The Data Science Project is intended to test and develop your
abilities in the following six areas. For each area, we have provided
some sample questions to ask and consider while completing a data
science project. These questions are intended as a guide for critical
thinking as you read through or conduct data analysis.
1. Know Your Problem
- Problem Definitions: What exactly do you want to
find out? What is the specific question? How and for who does the answer
impact clinical/medical decision-making?
- Metric Selections: What is the best metric/measure
for answering the specific question? What are alternative metrics? What
are the advantages and shortcomings of the best metric?
2. Know Your Data
- Data Provenance: Where does the data come from? How
and when was it obtained? (Velocity) What assumptions were made in its
acquisition? What aspects of reality were captured well/poorly? How was
the data transformed for sharing and preparation for data analysis? What
information was lost in that transformation?
- Data Characteristics: What scales apply to the
different data features in the dataset? Are they categorical? ordinal?
numerical? What are the underlying distributions of those features
(normal, skewed)? What is the variation in the data features and values?

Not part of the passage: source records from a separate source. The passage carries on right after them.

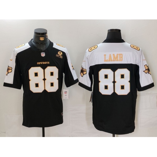 Men's Dallas Cowboys #88 CeeDee Lamb Blue Gold Name Thanksgiving FUSE Vapor Limited Stitched Jersey
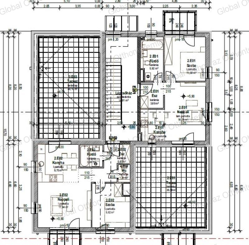 A penthouses lakás 42nm-es, felosztása: előtér, szoba, konyha-étkező-nappali, fürdő wc-vel, valamint egy 35 nm-es nagy terasz,mely ideális otthont biztosít pároknak vagy akár egyedülállóknak is.
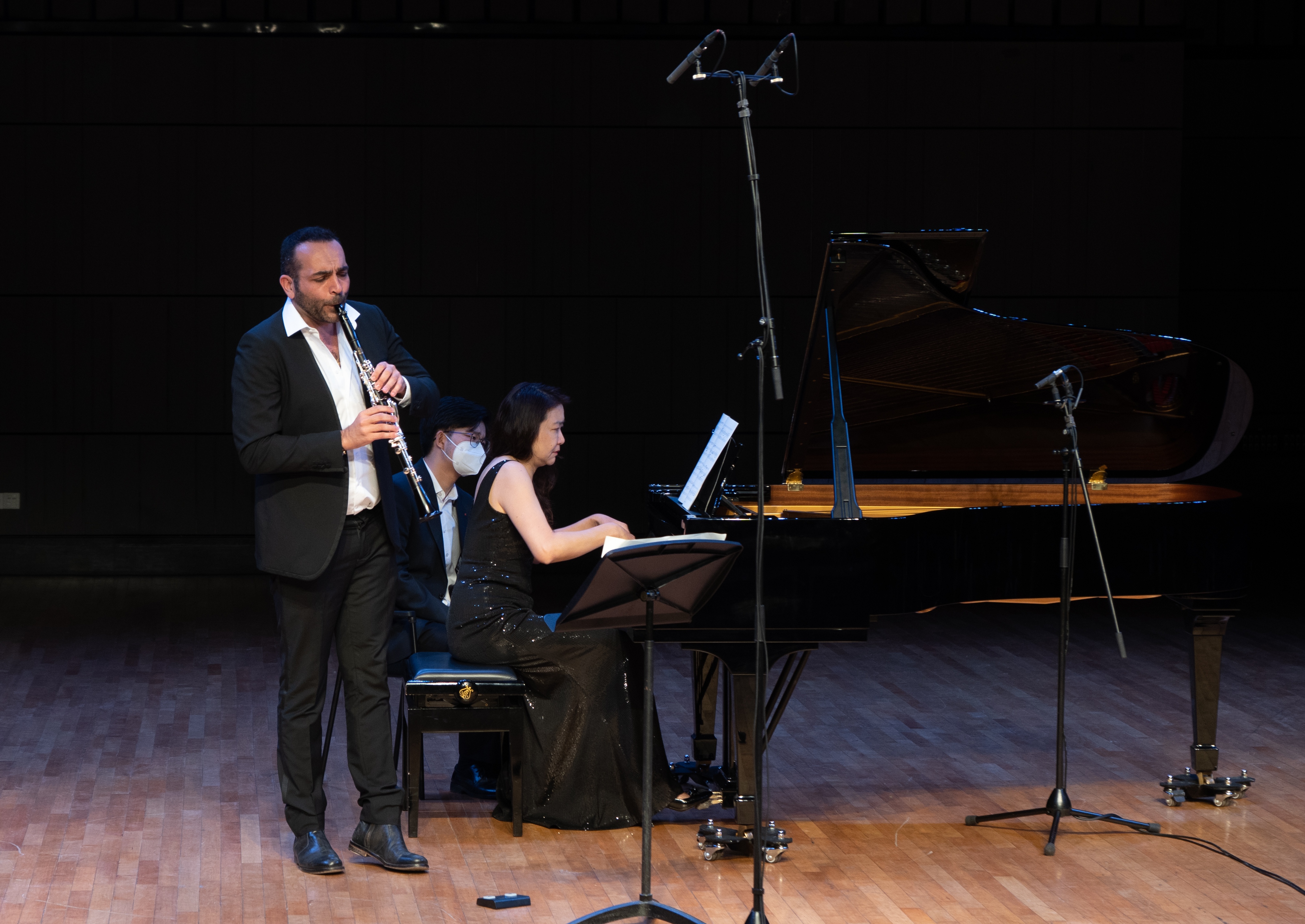 10日晚,皮埃爾·杰尼森單簧管獨(dú)奏音樂會精彩呈現(xiàn),現(xiàn)場氣氛相當(dāng)熱烈,音樂廳座無虛席。音樂會由皮埃爾與浙音室內(nèi)樂學(xué)院特聘教授史佳怡合作完成。皮埃爾甄選了肖松的《行板與快板》、維多的《引子與回旋》、布列茲的《領(lǐng)域》、普朗克的《奏鳴曲》等最為經(jīng)典的法國音樂以及德國作曲家勃拉姆斯的《奏鳴曲》op.120,音樂風(fēng)格跨越浪漫主義中期、新古典主義以及現(xiàn)代派音樂,充分展現(xiàn)了法國音樂的浪漫與迷人和勃氏音樂的詩意和智性。最后,在聽眾熱烈的掌聲中,皮埃爾返場加演了意大利作曲家曼加尼為董德君教授譜寫的新作《來自中國的旋律》,以及美國作曲家格什溫的《三首前奏曲》。兩首作品經(jīng)皮埃爾的生動詮釋,給人留下深刻的印象,場上氣氛高潮迭起。
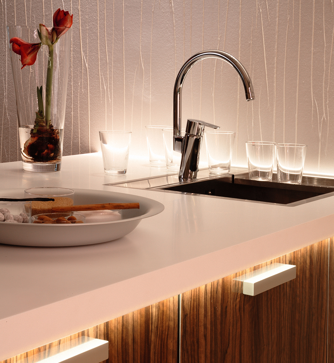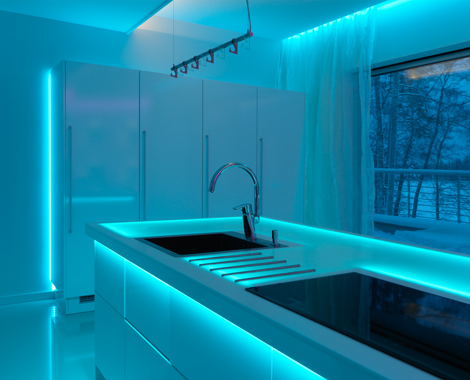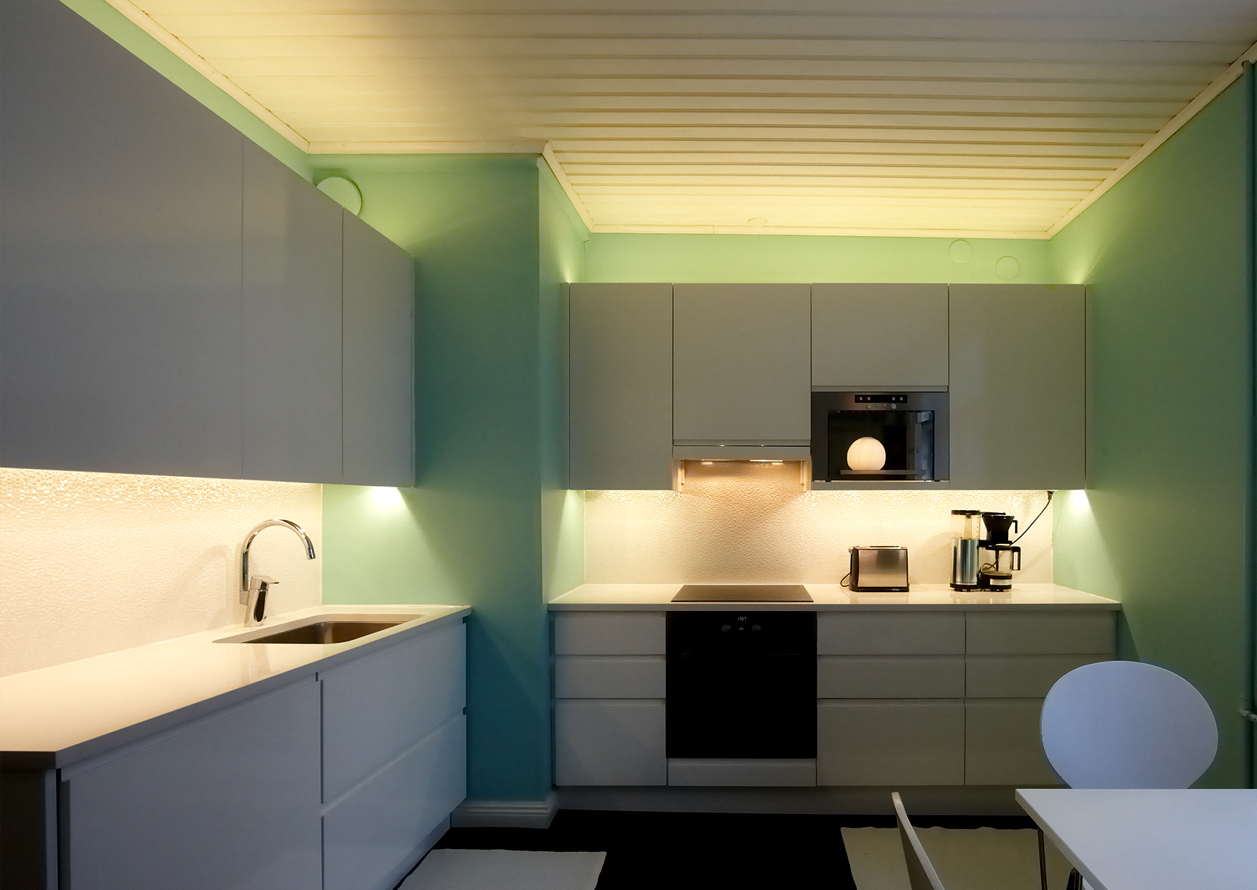 Светильники Huuhto можно устанавливать под краем столешницы, при этом они освещают вертикальную поверхность шкафов.
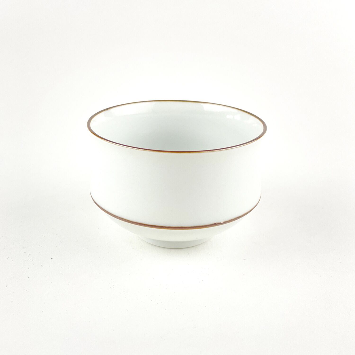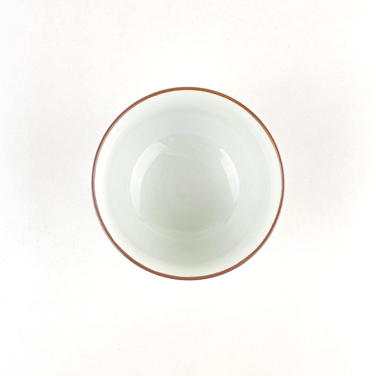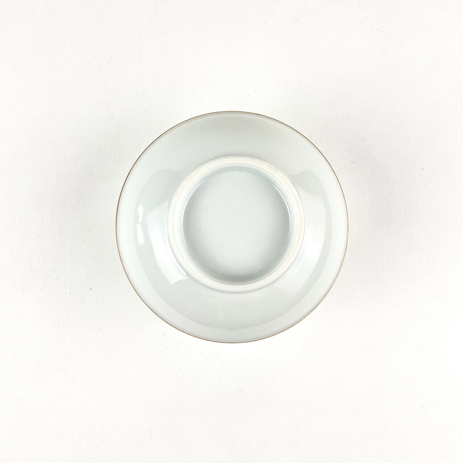 長右衛門窯には、笛吹や祥瑞など中国明時代の染付磁器のデザインから着想を得て作られた器がたくさんあります。この器も同じように明末の名品と呼ばれる茶碗の形を参考に小さく変形させました。スタッキングしやすく、手に馴染む心地よい形です。
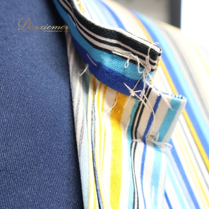 首元の裏側、ラメの縫い目部分にほつれがあります。
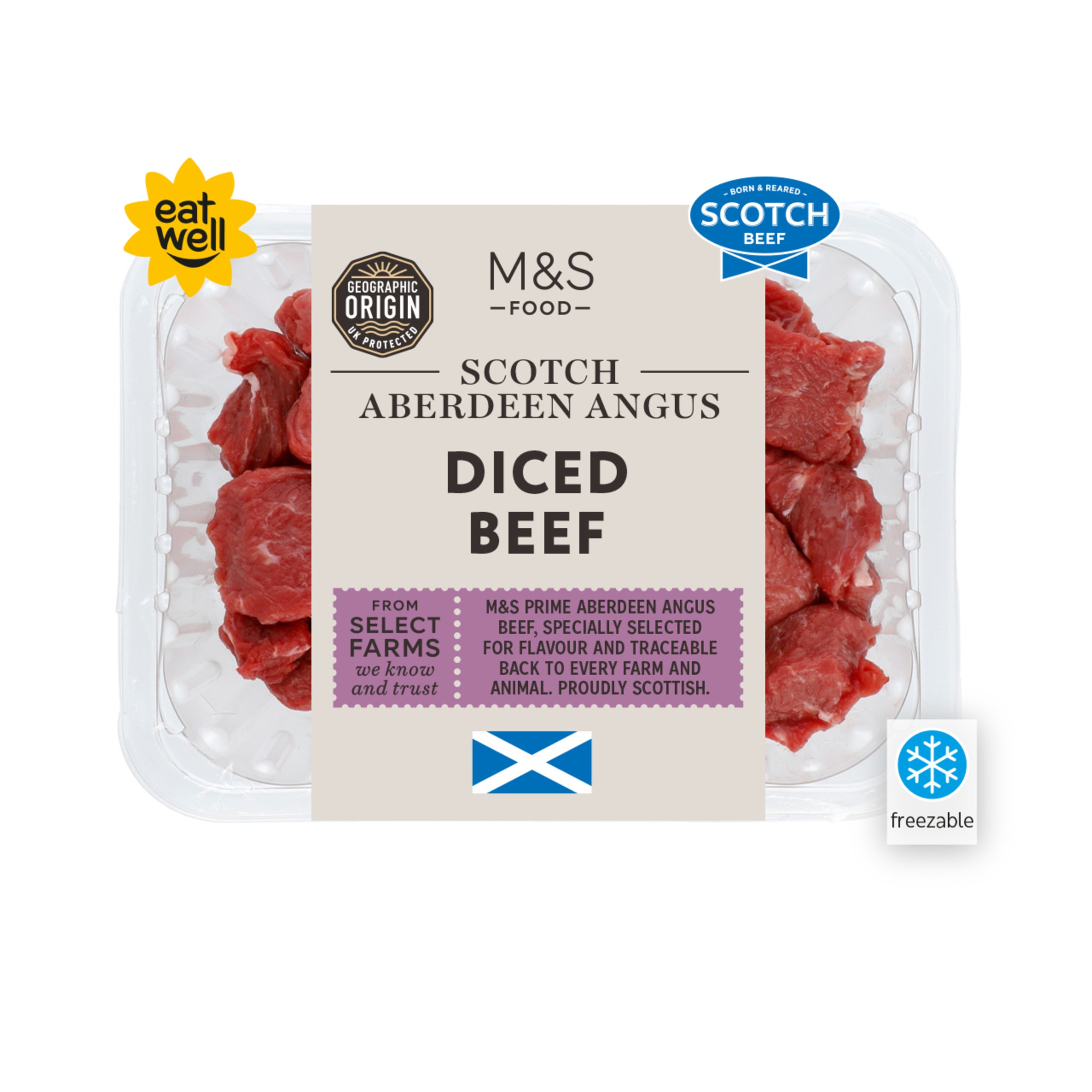 This 100% British diced beef comes from quality Aberdeen Angus cattle reared in Scotland. It's traceable back to the farm and animal it came from and features our Eat Well flower so you know it’s a healthy choice and can be enjoyed as part of a balanced diet. Ideal for slow cooking, this versatile beef makes a rich and hearty stew with your favourite vegetables and stock.
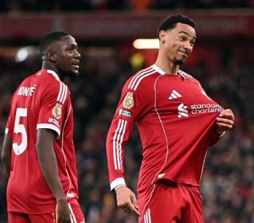 如今再度碰面,渴望复仇的斯洛特,在安菲尔德球场也是尽遣主力出战,在4231的阵型中,让阿利森镇守龙门,凯尔凯兹、范戴克、科纳特和乔戈麦斯构筑后防,琼斯和赫拉芬贝赫搭档双后腰,维尔茨、麦卡利斯特和索博斯洛伊坐镇中场,单箭头则是埃基蒂克。
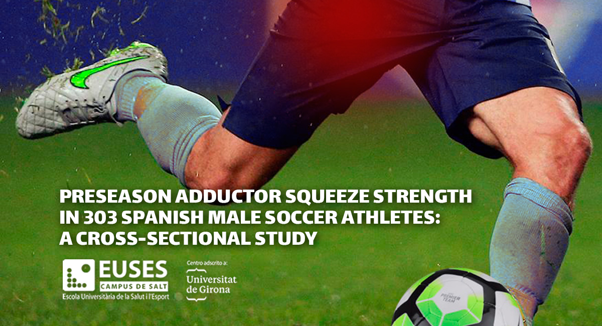 Los profesores de EUSES-UdG, la Universidad de la Salud y el Deporte, Ernest Esteve y Jordi Vicens han realizado un estudio transversal titulado: ‘Preseason Adductor Squeeze Strength in 303 Spanish Male Soccer Athletes: A Cross-sectional Study’. El propósito de este estudio fue investigar si los futbolistas con una lesión o dolor inguinal durante la temporada anterior tenían menos fuerza en la musculatura aductora de cadera en la pretemporada, en comparación con aquellos que no padecieron ninguna lesión o molestia. También, se investigó si las diferencias en la musculatura aductora de la cadera en la pretemporada, estaban relacionadas con el dolor inguinal y la duración de éste y también si estaban relacionadas con el dolor inguinal actual o por factores como la edad.
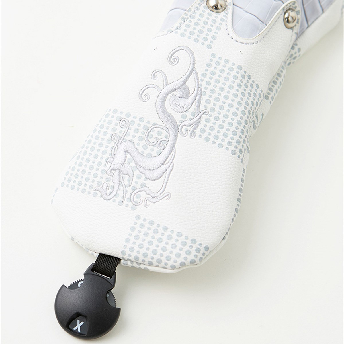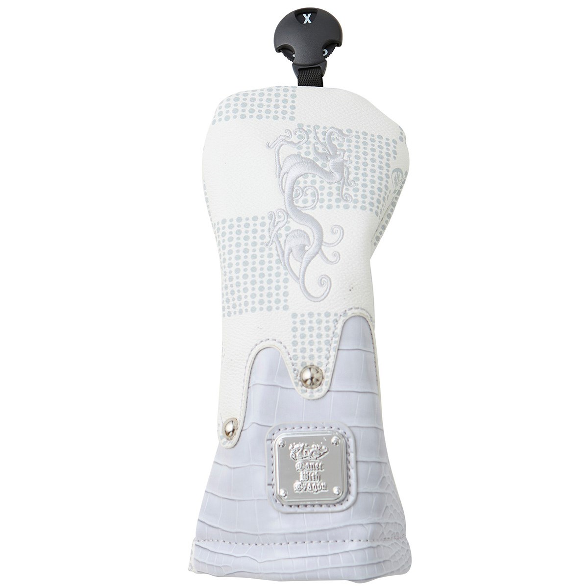ドットで描かれたチェッカー柄とクロコ型押し合皮が、圧倒的な気品を漂わせるUT用ヘッドカバー。
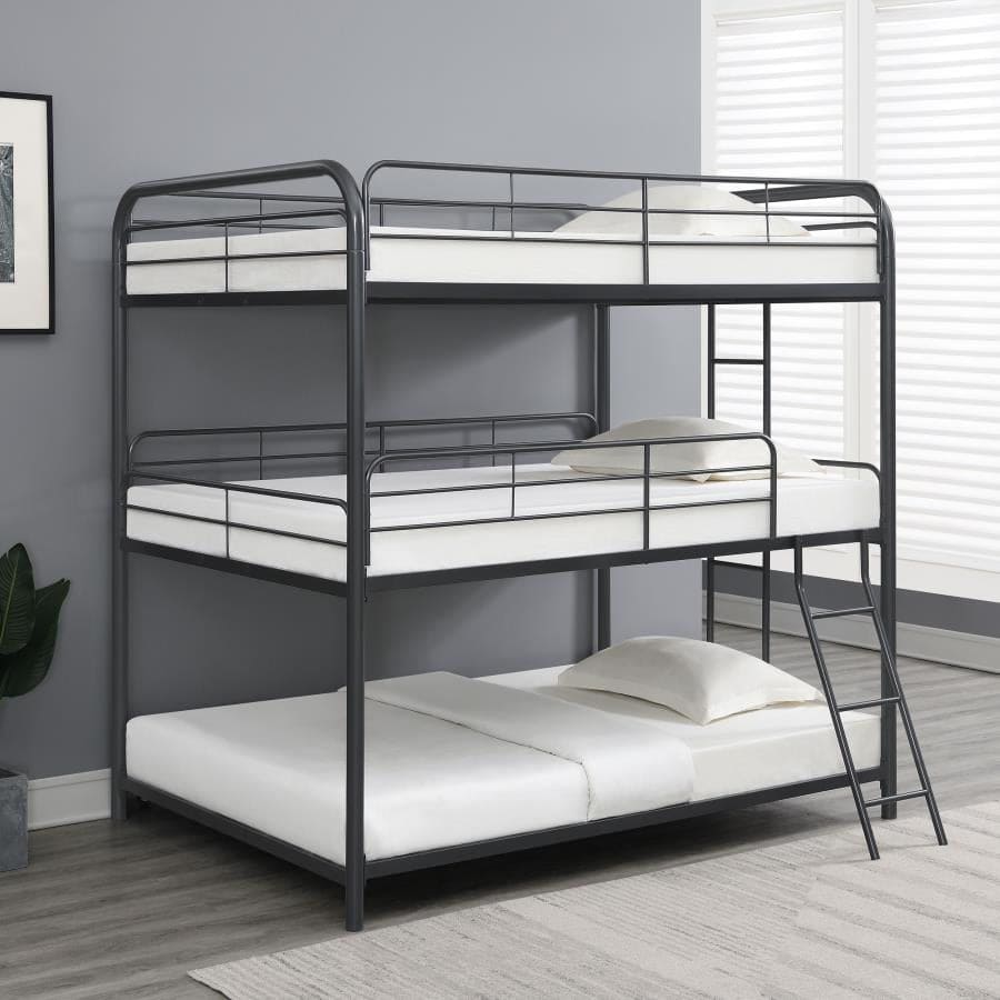 | Classically designed heavy gauge metal triple bunk bed in a gunmetal powder coated finish maximizes sleep space in any kids’ room or guestroom * Guardrails on middle and top bunk with attached ladders for safety * Available in triple twin, triple full, and full/twin/full configurations * Constructed with heavy gauge steel tubing * Durable steel slat kit included |
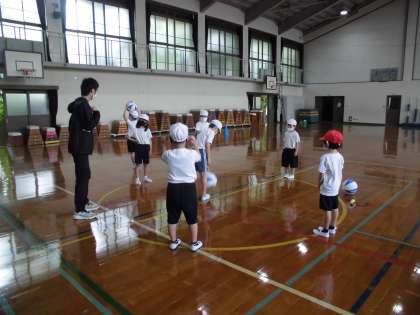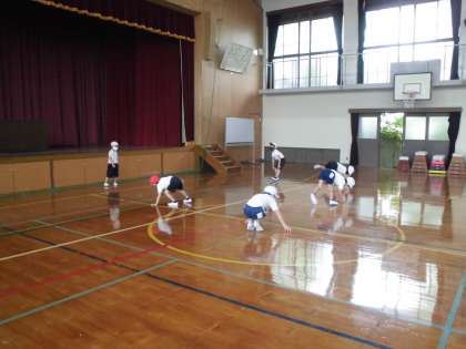 体育館で,体ほぐしの運動をしました。リーダーを決め,リーダーが考えた動きをみんなでしたり,ボールキャッチゲームをしたりして楽しみました。
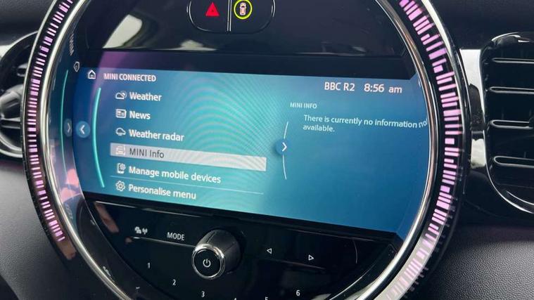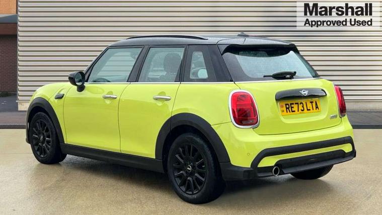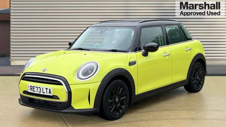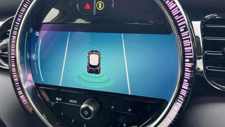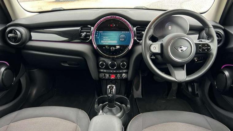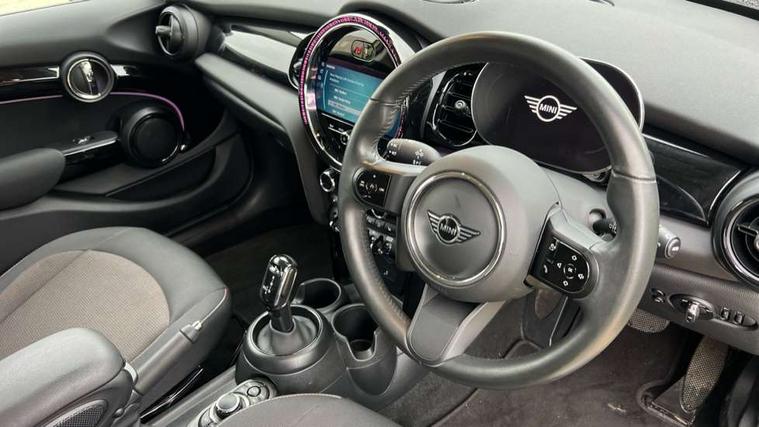 Apple CarPlay, Automatic start/stop function with brake energy recuperation, Compatible mobile phone bluetooth with audio streaming, Electro-mechanical speed dependant steering assistance, Flexible car sharing preparation, Mini E-call, MINI TeleServices, On board computer, Service interval indicator, Double Vanos system, Fully variable valve control, Gear change indicator display, High precision injection, Performance Control, Steptronic transmission with double clutch, 8.8" touchscreen with LED ring, FM tuner and DAB digital radio, 3rd brake light, Automatic headlight activation switch, Body colour fuel filler cap, Chrome border high gloss black slats radiator grille, Dynamic brake lights, Electric front+rear windows, Exhaust tailpipe on left with chrome finisher, Heated rear window, Heated windscreen washer jets, Metal door sill strips with MINI imprint, Model logo Cooper on right of tailgate, Rain sensor window wipers, Rear fog lights, Rear LED lights with union jack design, Rear side wing doors, Rear window wiper, Side scuttle panel with integrated indicator, Sun/heat protection glass, White indicator lenses, 12V Accessory socket in centre console, 3 seat bench in 2nd row, 4 lashing eyes in luggage compartment, 60/40 split folding rear seat, Ambient lighting, Carbon black colour line - Knee roll and door armrest, Chrome interior highlights, Cupholders, Front and rear head restraints, Front and rear isofix with front passenger airbag deactivation, Front and rear velour floor mats, Glove compartment, Height and length steering column adjustment, Interior lighting with 12 different colours across the dashboard, underneath door bezel with illuminated laser-engraved design on central display, Leatherette gearshift lever and handbrake gaiters, LED reading lights, vanity mirror lights, front foot well light and spotlight on front seats, Mechanical seat adjustment - forward/back & backrest for front seats and driver seat height adjust, Multifunction steering wheel, Satellite grey headlining including grab handles and clothes hooks, Single front passenger seat, Sport leather steering wheel with speed limiter and audio/communication controls, Storage compartments in doors, Sunvisors with vanity mirrors, 3 point seatbelts on all five seats, 6 Airbags - front, side, head and seat belt tensioners, Anti-lock braking system (ABS), Child locks on rear doors, DSC - Dynamic Stability Control, Front and rear disc brakes, Hill start assist, Single tone fanfare horn, Tyre pressure monitoring system, Alarm system with tilt sensor, monitoring doors, bonnet interior and tailgate, Electronic vehicle immobiliser, Start/stop toggle with keyless go, Piano black interior trim, Tool kit, Tyre repair kit,

(Variety) Are there extreme outliers? How do the different features
relate to each other?
- Data Quality: How can you be assured of the data
quality? (Validity) Are there missing features that can be created and
would be useful? Are there missing or noisy data that can be
imputed/corrected? Are there outside data sources that can validate or
expand the set of reliable features?
3. Know Your Analysis Methods
- Method Details: What statistical or machine
learning data analysis methods are applied to the data? What are some
advantages and shortcomings of those analysis types? What makes them
best suited for the data and the research questions? What assumptions do
these analysis models make? especially about the number of training
samples and features? (Volume) How many parameters do these analysis
models have? What are other alternative analysis techniques and the
rationale for not conducting them?
- Training Procedures: How are data samples stored,
extracted, transformed, and used in data analysis and model training?
What technologies and software are used? How are the training data
samples selected? Are there biases in the training data and can they be
accounted for?
- Evaluation Metrics: What metrics are being used to
evaluate model performance? What are alternative evaluation metrics and
the advantages and shortcomings of the selected ones? Are there biases
in the evaluation? How are hyperparameters to the model optimized? How
does performance change as these parameters vary? How reproducible is
the model performance on a different training set? How does model
performance change with more training data and time?
- Predictive Quality: Model Which attributes of which
data samples are well-predicted by a trained model? Are there common
patterns in the samples with incorrect predictions? Is there a
confidence measure associated with each prediction?
- Significant Features: What features of the model
are most significant for correct predictions? By what metric/method are
these features ranked? What are the assumptions of the feature
prioritization method and considerations to keep in mind when
interpreting the results?
4. Know Your Team
- Target Audiences: Who are the end-users that need
to update their behavior based on this data analysis? What are their
expectations? needs? and technical expertise in relation to this
analysis? What visualizations and reports would they be able to
understand independently that provide them with actionable insight?
5. Know the Significance of Your Results
- Visual Communication: Do the data analysis
visualizations convey the analysis is correct, important, and urgent to
act on? Is the information displayed in a way that prioritizes greatest
value? What information could be better conveyed with alternative types
of visualizations? What assumptions do the visualization techniques use
to reduce the visual complexity? Do the data visualization tools allow
end-users to follow up with relevant questions on their own? Do the data
exploration tools address confidentiality/security concerns?
- Context and Scope: What are related questions that
are not being addressed in this project? Is this specific scope well
reasoned? What would be required in terms of data (Value) or methods to
better address the related questions and improve decision making?
6. Know Your Future Impact/Applications
- Sustainability of Analysis: What is the time
horizon for the applicability of the insights of the data analysis? Are
there measures in place to update and/or expand the analysis? identify
significant changes in the conclusions? Does the project move medical
practice further towards a data-driven culture?